Please repeat only the lines below starting at the line that holds "An unmistakable baroque" and ending at the line that holds "연휴를 맞아 축제부터", exactly, with both of those lines included and every picture omitted.

## PROVIDED INFORMATION
------------------------------------------------------------

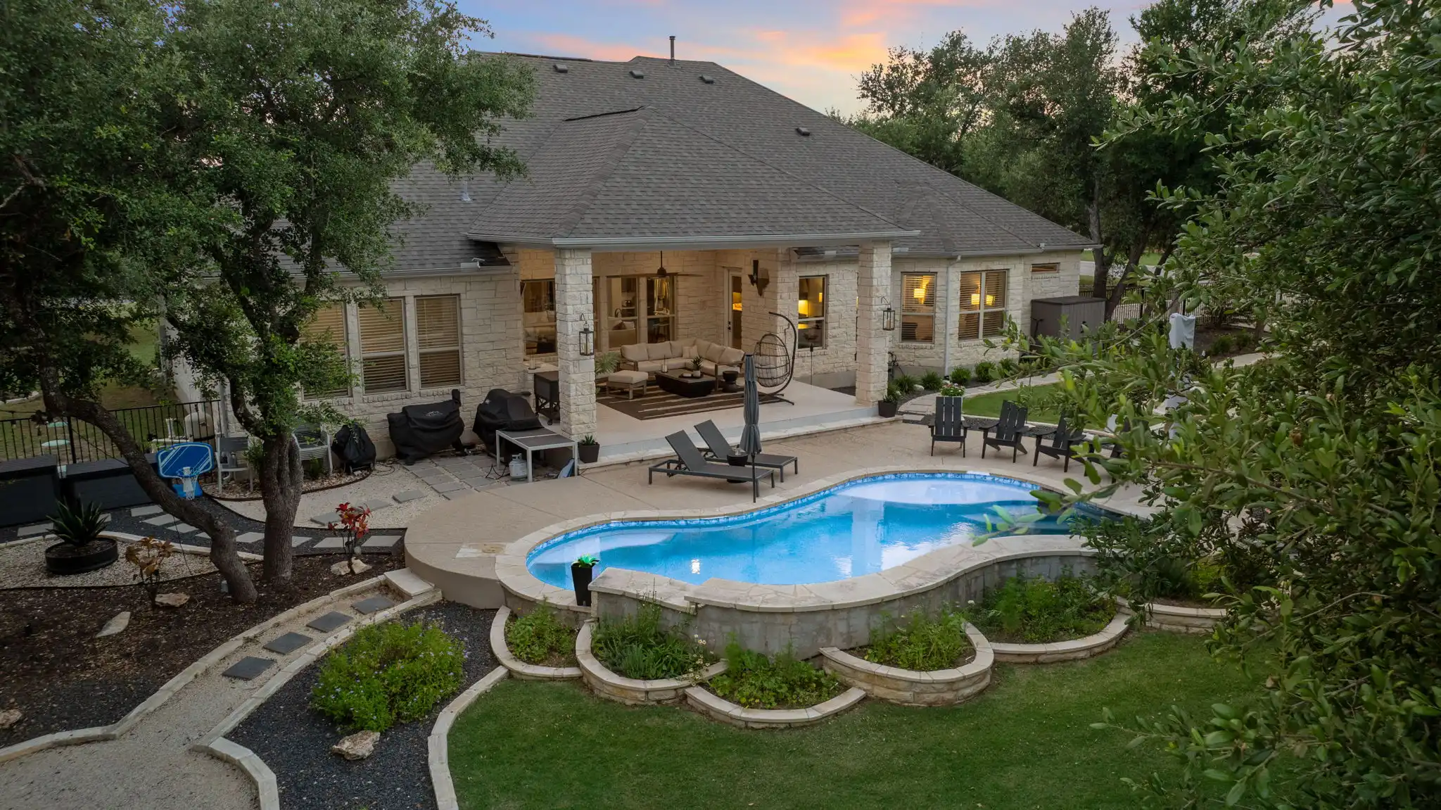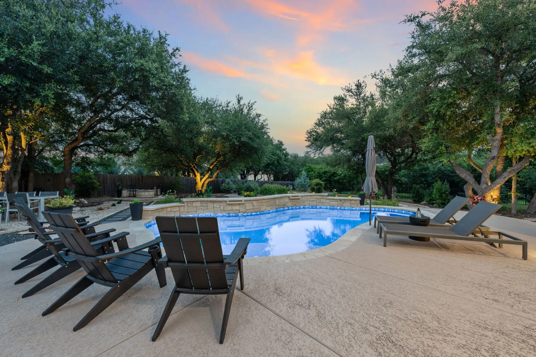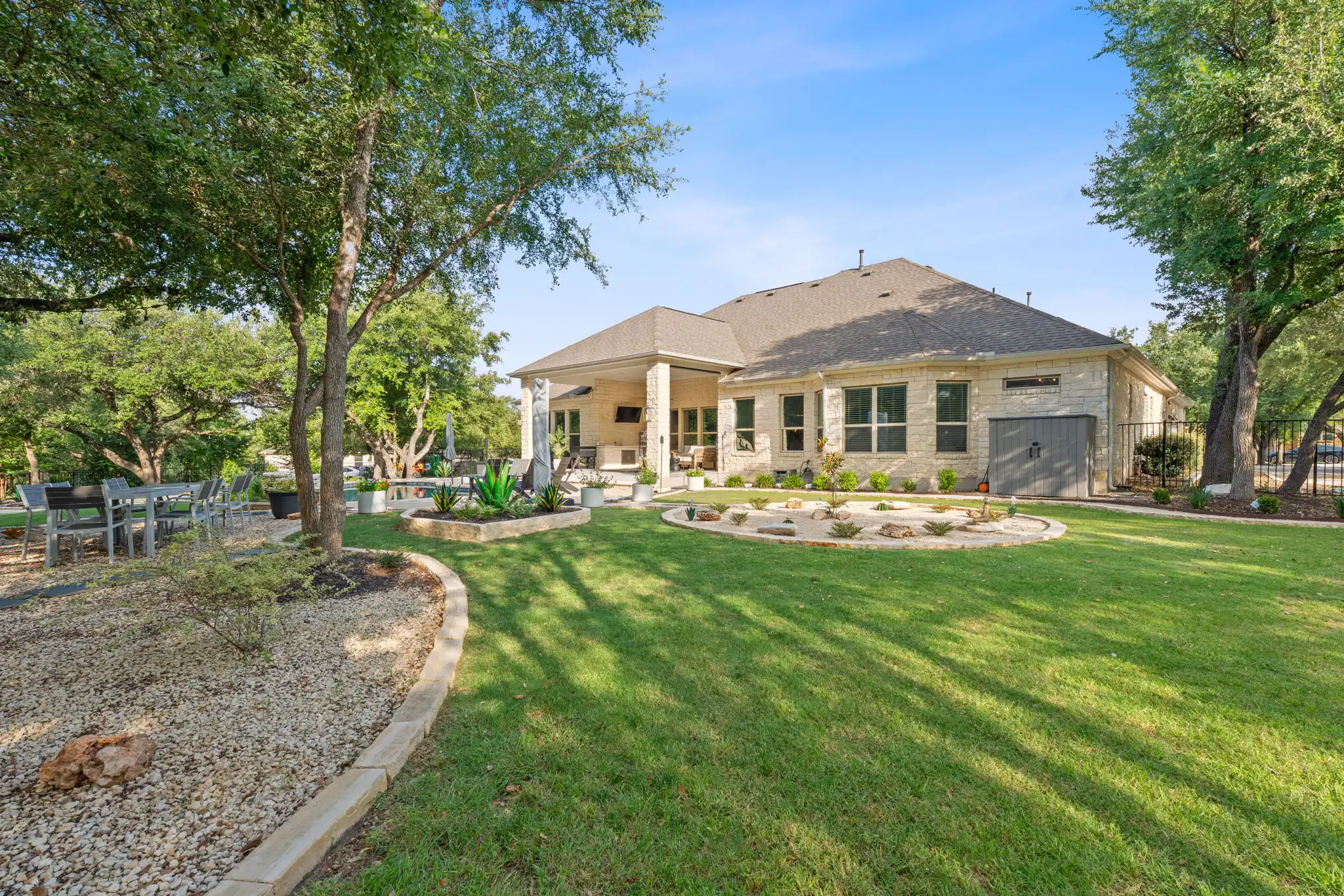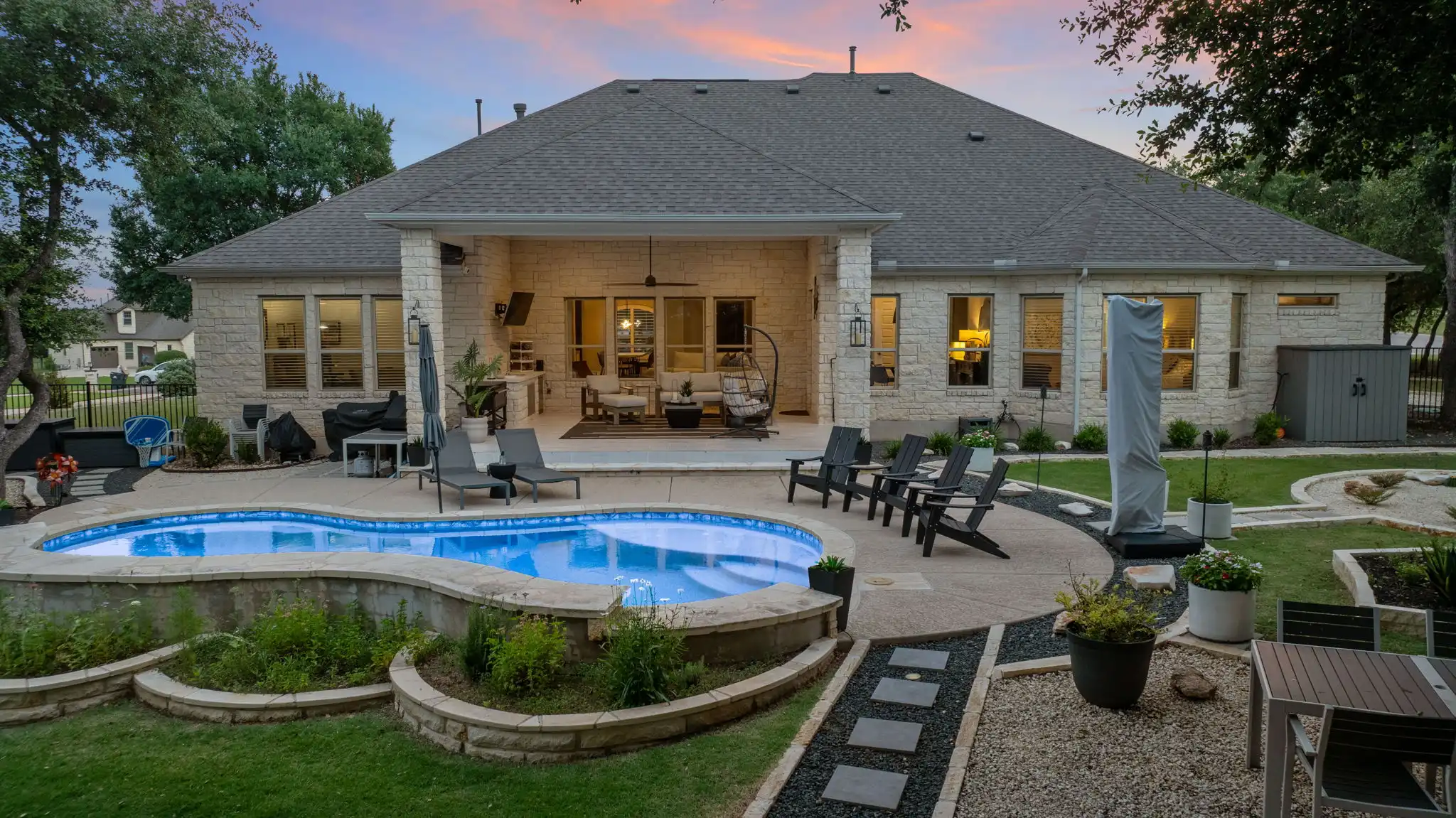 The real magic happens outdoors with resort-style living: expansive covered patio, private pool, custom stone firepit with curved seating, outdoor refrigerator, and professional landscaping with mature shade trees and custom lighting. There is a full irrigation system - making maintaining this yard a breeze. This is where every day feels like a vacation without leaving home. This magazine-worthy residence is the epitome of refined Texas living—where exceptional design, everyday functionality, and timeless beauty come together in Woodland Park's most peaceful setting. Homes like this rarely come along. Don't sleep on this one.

------------------------------------------------------------

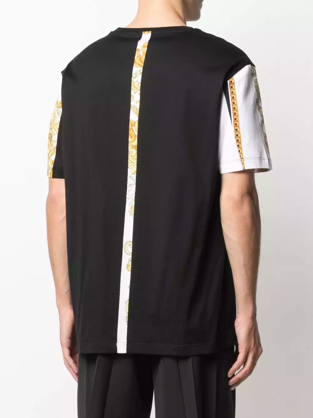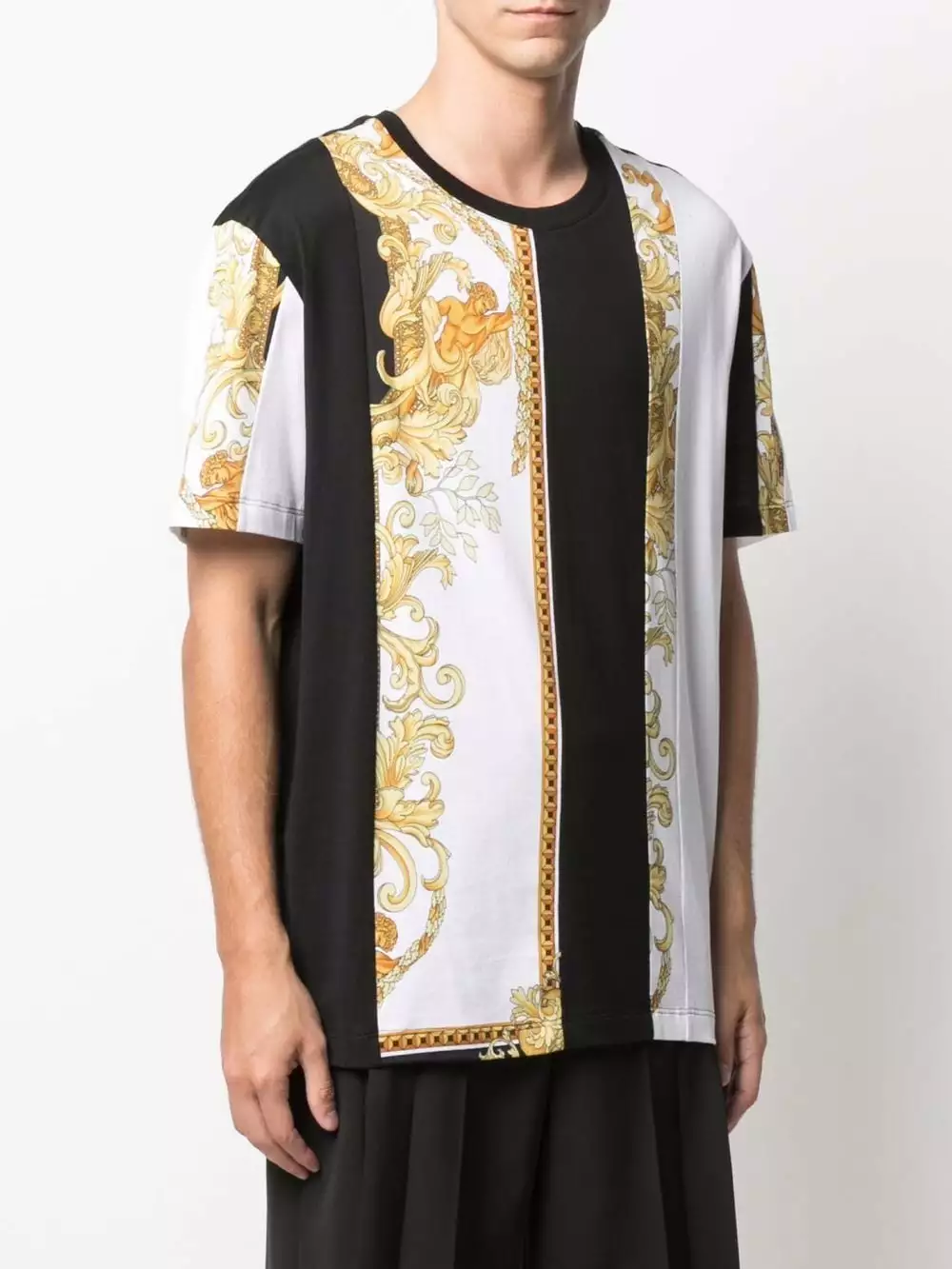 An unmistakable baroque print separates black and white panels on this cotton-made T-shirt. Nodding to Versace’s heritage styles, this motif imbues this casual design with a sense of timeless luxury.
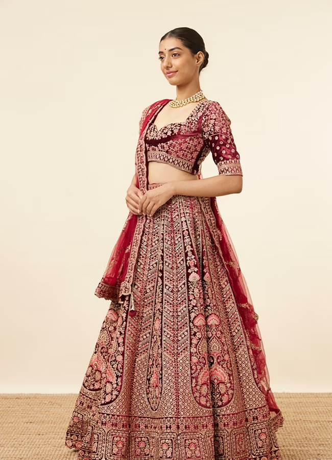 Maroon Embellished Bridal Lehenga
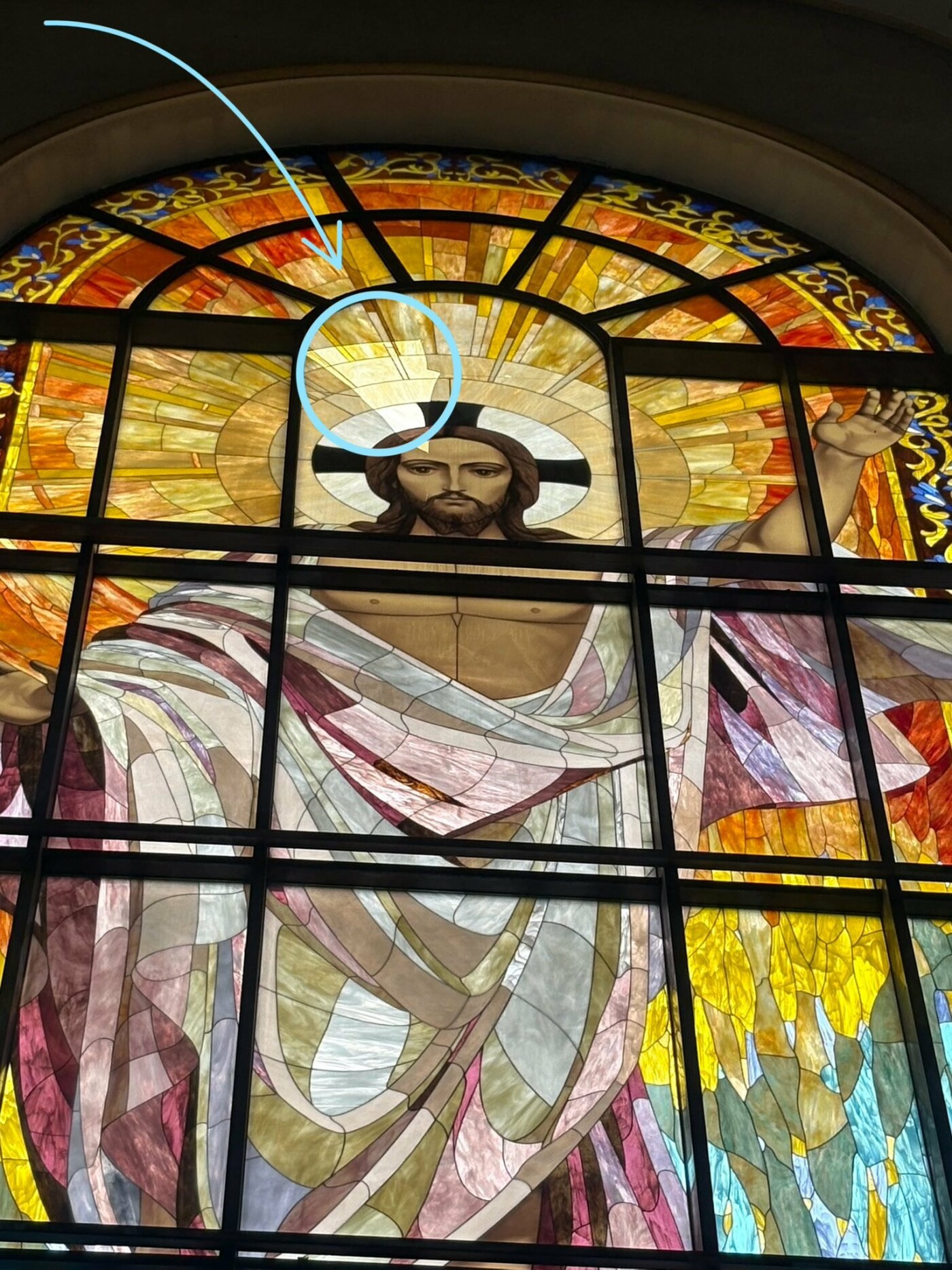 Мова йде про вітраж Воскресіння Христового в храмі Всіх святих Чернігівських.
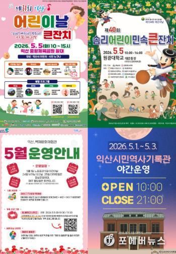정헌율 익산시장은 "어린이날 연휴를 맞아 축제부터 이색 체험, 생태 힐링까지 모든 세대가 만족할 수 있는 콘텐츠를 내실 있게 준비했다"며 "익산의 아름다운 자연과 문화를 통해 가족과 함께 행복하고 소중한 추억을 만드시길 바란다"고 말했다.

------------------------------------------------------------

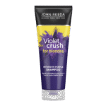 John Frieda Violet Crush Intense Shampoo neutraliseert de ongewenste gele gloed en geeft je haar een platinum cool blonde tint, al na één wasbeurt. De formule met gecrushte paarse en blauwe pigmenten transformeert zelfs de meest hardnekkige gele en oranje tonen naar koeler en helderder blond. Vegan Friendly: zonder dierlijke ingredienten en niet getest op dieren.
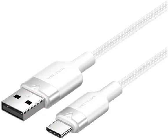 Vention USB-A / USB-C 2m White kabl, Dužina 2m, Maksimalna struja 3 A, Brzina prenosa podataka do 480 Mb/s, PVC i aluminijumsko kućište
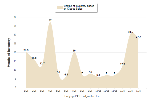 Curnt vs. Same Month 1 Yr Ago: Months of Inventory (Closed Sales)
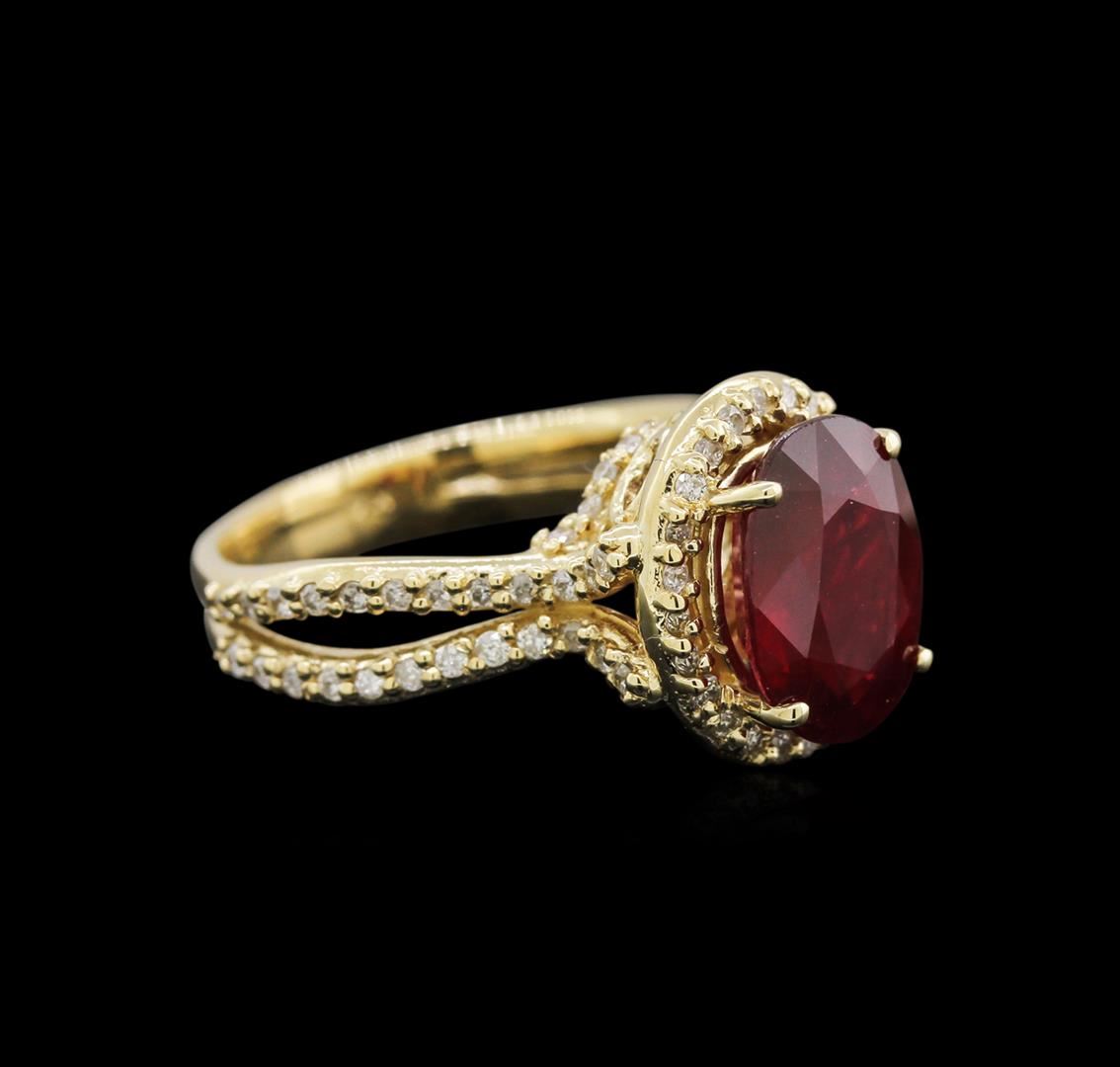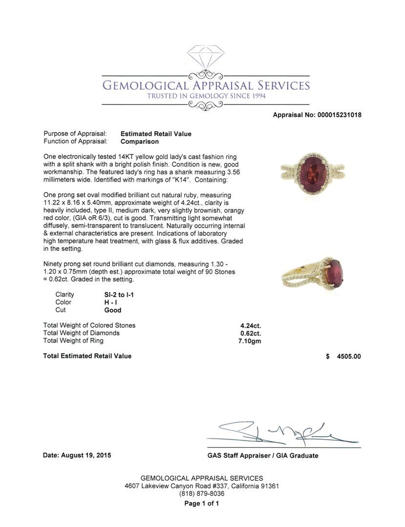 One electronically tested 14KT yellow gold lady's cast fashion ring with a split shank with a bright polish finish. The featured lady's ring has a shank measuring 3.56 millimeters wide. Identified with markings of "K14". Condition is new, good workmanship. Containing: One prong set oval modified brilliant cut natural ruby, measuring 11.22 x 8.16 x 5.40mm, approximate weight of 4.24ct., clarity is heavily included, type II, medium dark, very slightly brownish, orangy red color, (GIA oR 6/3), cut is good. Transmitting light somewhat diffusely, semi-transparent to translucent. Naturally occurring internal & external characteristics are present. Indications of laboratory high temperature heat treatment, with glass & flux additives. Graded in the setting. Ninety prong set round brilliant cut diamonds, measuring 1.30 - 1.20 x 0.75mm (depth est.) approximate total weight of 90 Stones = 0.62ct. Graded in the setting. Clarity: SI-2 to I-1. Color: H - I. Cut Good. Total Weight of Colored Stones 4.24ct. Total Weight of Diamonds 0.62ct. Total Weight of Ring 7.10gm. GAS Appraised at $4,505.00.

------------------------------------------------------------

## EXERCISE RESULT
 An unmistakable baroque print separates black and white panels on this cotton-made T-shirt. Nodding to Versace’s heritage styles, this motif imbues this casual design with a sense of timeless luxury.
 Maroon Embellished Bridal Lehenga
 Мова йде про вітраж Воскресіння Христового в храмі Всіх святих Чернігівських.
정헌율 익산시장은 "어린이날 연휴를 맞아 축제부터 이색 체험, 생태 힐링까지 모든 세대가 만족할 수 있는 콘텐츠를 내실 있게 준비했다"며 "익산의 아름다운 자연과 문화를 통해 가족과 함께 행복하고 소중한 추억을 만드시길 바란다"고 말했다.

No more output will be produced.